» Available data
# # # # # # #
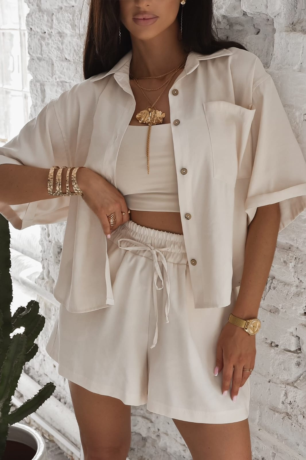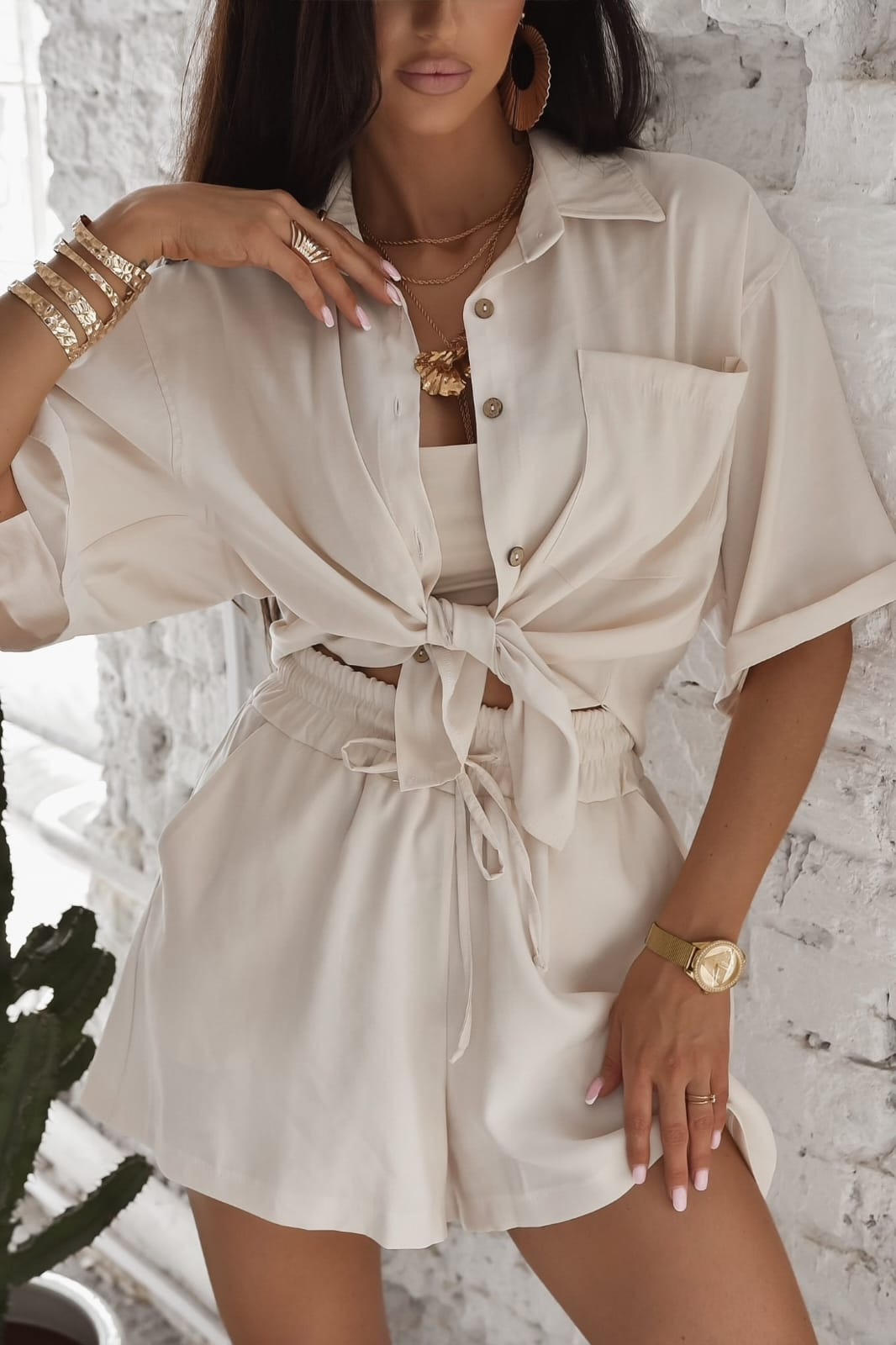 Beżowy komplet damski koszula i spodenki XANA FASHION
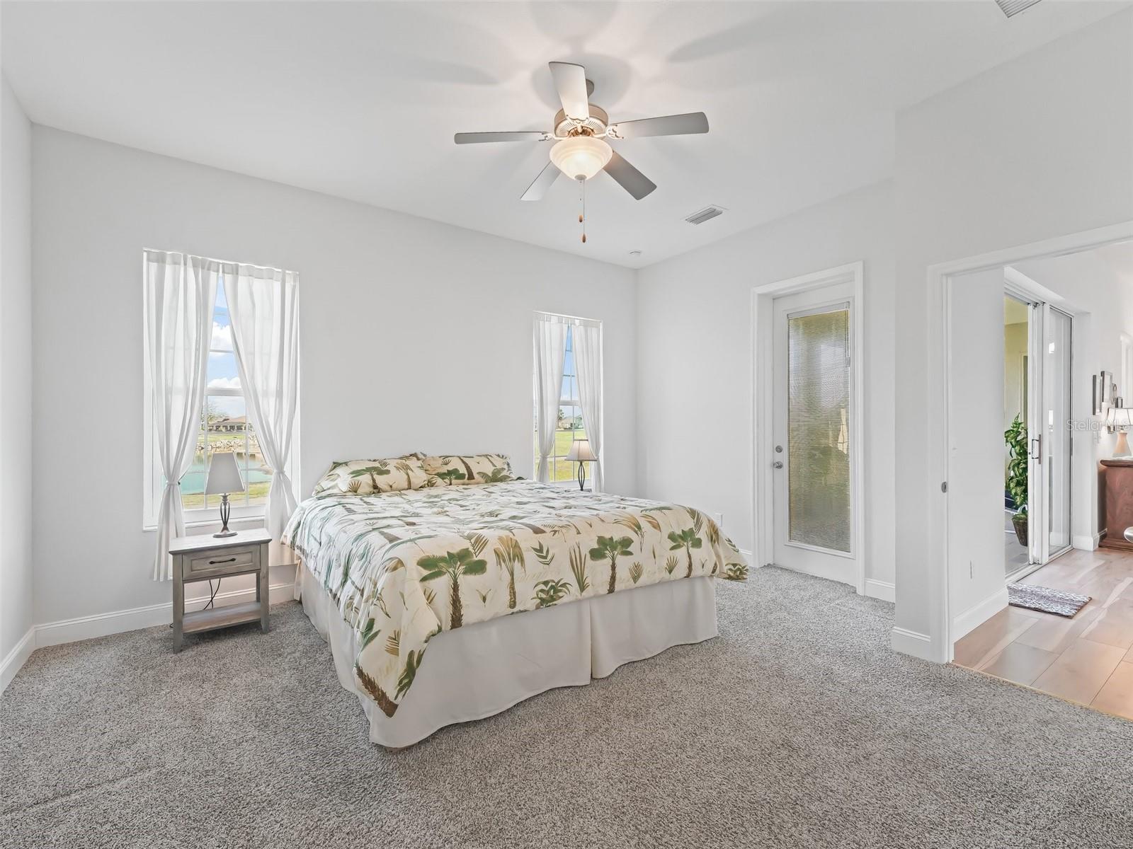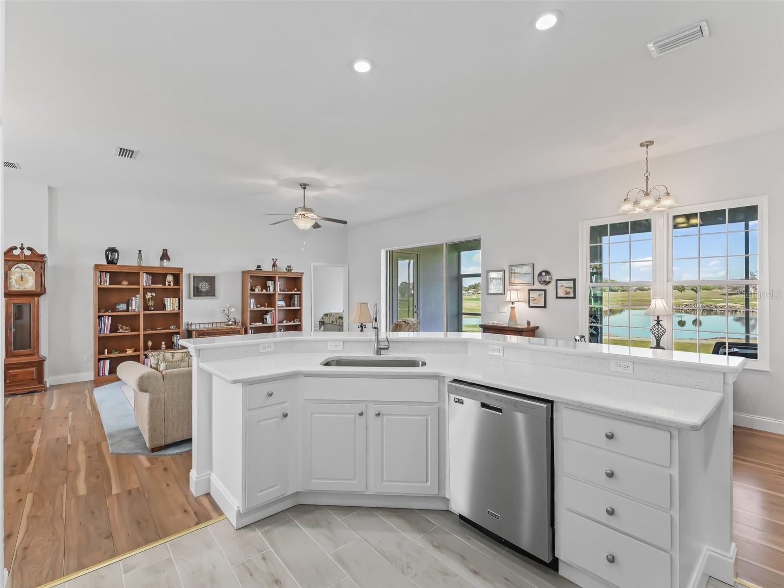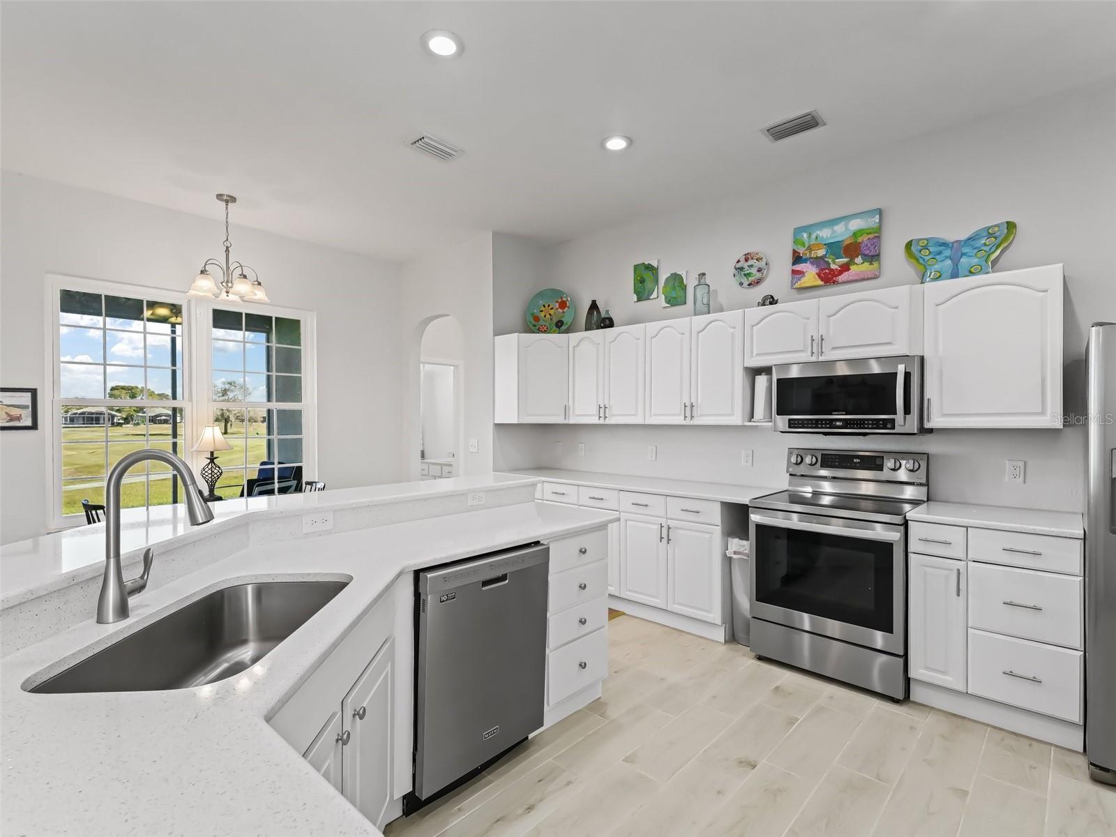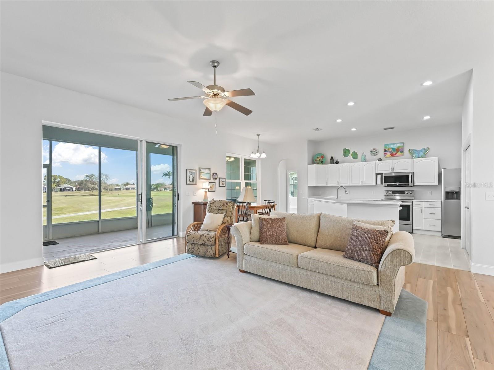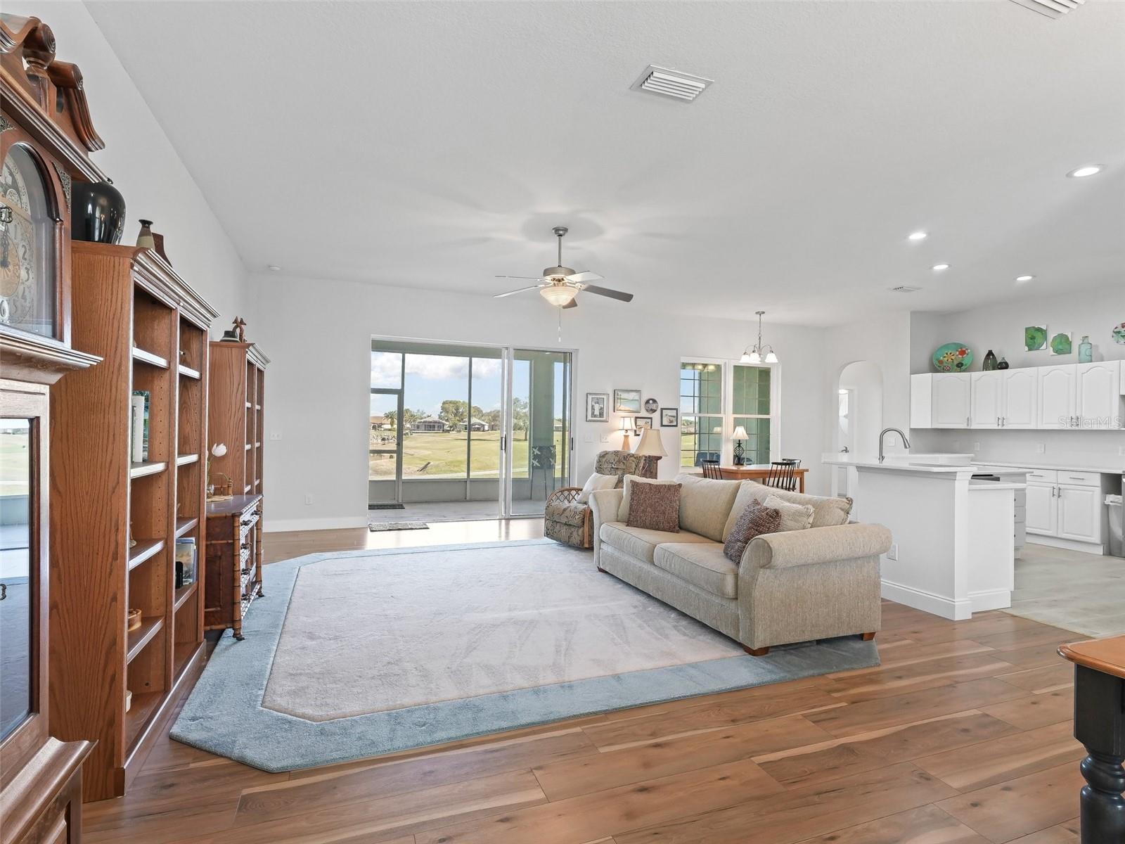 STONECREST is a 55+ Golf Course Community With All The Amenities, and just a Bridge Away By Golf Cart To The Villages! Stunning GOLF FRONT 3/3 Concrete Block and Stucco Cedar with a Water View, and a 2 + Golf Cart Garage on a Quiet Cul de Sac Lot with Room for a Pool! ROOF 2019! HVAC 2019! This well appointed home boasts a Tremendous Golf Course View, Water View, Upgraded light fixtures, Newer interior paint, 10' ceilings, and French door entry to the Study/Den (Living Room in original floor plan)! This Cedar model offers an Open Concept Floor plan with Soaring 10' ceilings throughout, and a Large Great Room off the Eat in Kitchen with stackable sliders to the Large Screened Lanai, creating a Spectacular Space for Social Gatherings, and relaxing with Family! This Spacious Kitchen features Quartz countertops that Sparkle like Diamonds, a nice size Pantry Closet, Wood cabinets, an Eat in Area, a Generous Breakfast bar, and Stunning Golf Course, and Water Views. The Split Floor plan provides Privacy for both the Owners and their Guest, with the Primary Suite commanding one side of the home, while the guest bedrooms and bathrooms are located on the opposite side of the home. The Luxurious Primary suite offers a Private access to the lanai, Walk in Closet, and an En Suite Bathroom. The En Suite Bathroom features a Two Sink Vanity, large Soaking Tub, Linen Closet, and a Walk in Shower. Guest bedroom 2 offers a Double closet, and an En suite bathroom with a Tiled Walk in shower, providing your guests with Convenience, and Privacy! Guest bedroom 3 is conveniently situated next to the additional guest bathroom with a Tub and Shower combination, a Private door to the Lanai, and has a double closet, offering plenty of space for the comfort of your guests! Enjoy the additional entertaining space provided by the Screened Lanai with tile flooring, and appreciate the beautiful Florida Sunsets from the comfort of the large screened lanai with unencumbered views, enhancing the outdoor living experience! This Stunning Cedar model offers a well designed floor plan, Room for a Pool, a Fabulous Golf Course, and Water View! Stonecrest is a 55+ gated golf course community with all the amenities, pools, pickleball courts, softball, 18 hole championship golf course, Broad Stripes Golf & Social Club and over 80 different clubs to join! Stonecrest is just a bridge away by golf cart to the Villages. It is a community with Private Roads and 24 Hour Security! As a private gated golf course community, you can expect a high level of privacy and security. Overall, this home offers a combination of Tremendous Outdoor Space, luxurious features, a desirable location, and a secure community setting. A WONDERFUL LIFESTYLE AWAITS YOU IN STONECREST!
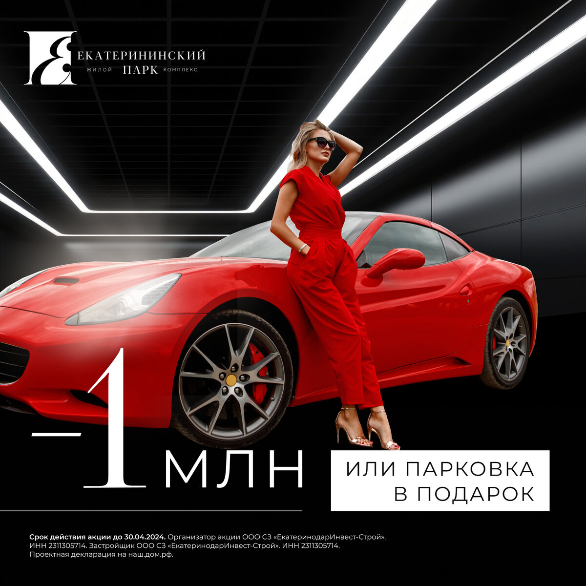 ДАРИМ машиноместо в подземном паркинге! Предложение действует при приобретении любой квартиры в литерах 1-3 ЖК «Екатерининский Парк» с 01 по 30 апреля 2024 года включительно.
# # # # # # #
» Assigned task
In your reply, every line of the material should appear exactly as written, and no picture should.

» Output below
 Beżowy komplet damski koszula i spodenki XANA FASHION
 STONECREST is a 55+ Golf Course Community With All The Amenities, and just a Bridge Away By Golf Cart To The Villages! Stunning GOLF FRONT 3/3 Concrete Block and Stucco Cedar with a Water View, and a 2 + Golf Cart Garage on a Quiet Cul de Sac Lot with Room for a Pool! ROOF 2019! HVAC 2019! This well appointed home boasts a Tremendous Golf Course View, Water View, Upgraded light fixtures, Newer interior paint, 10' ceilings, and French door entry to the Study/Den (Living Room in original floor plan)! This Cedar model offers an Open Concept Floor plan with Soaring 10' ceilings throughout, and a Large Great Room off the Eat in Kitchen with stackable sliders to the Large Screened Lanai, creating a Spectacular Space for Social Gatherings, and relaxing with Family! This Spacious Kitchen features Quartz countertops that Sparkle like Diamonds, a nice size Pantry Closet, Wood cabinets, an Eat in Area, a Generous Breakfast bar, and Stunning Golf Course, and Water Views. The Split Floor plan provides Privacy for both the Owners and their Guest, with the Primary Suite commanding one side of the home, while the guest bedrooms and bathrooms are located on the opposite side of the home. The Luxurious Primary suite offers a Private access to the lanai, Walk in Closet, and an En Suite Bathroom. The En Suite Bathroom features a Two Sink Vanity, large Soaking Tub, Linen Closet, and a Walk in Shower. Guest bedroom 2 offers a Double closet, and an En suite bathroom with a Tiled Walk in shower, providing your guests with Convenience, and Privacy! Guest bedroom 3 is conveniently situated next to the additional guest bathroom with a Tub and Shower combination, a Private door to the Lanai, and has a double closet, offering plenty of space for the comfort of your guests! Enjoy the additional entertaining space provided by the Screened Lanai with tile flooring, and appreciate the beautiful Florida Sunsets from the comfort of the large screened lanai with unencumbered views, enhancing the outdoor living experience! This Stunning Cedar model offers a well designed floor plan, Room for a Pool, a Fabulous Golf Course, and Water View! Stonecrest is a 55+ gated golf course community with all the amenities, pools, pickleball courts, softball, 18 hole championship golf course, Broad Stripes Golf & Social Club and over 80 different clubs to join! Stonecrest is just a bridge away by golf cart to the Villages. It is a community with Private Roads and 24 Hour Security! As a private gated golf course community, you can expect a high level of privacy and security. Overall, this home offers a combination of Tremendous Outdoor Space, luxurious features, a desirable location, and a secure community setting. A WONDERFUL LIFESTYLE AWAITS YOU IN STONECREST!
 ДАРИМ машиноместо в подземном паркинге! Предложение действует при приобретении любой квартиры в литерах 1-3 ЖК «Екатерининский Парк» с 01 по 30 апреля 2024 года включительно.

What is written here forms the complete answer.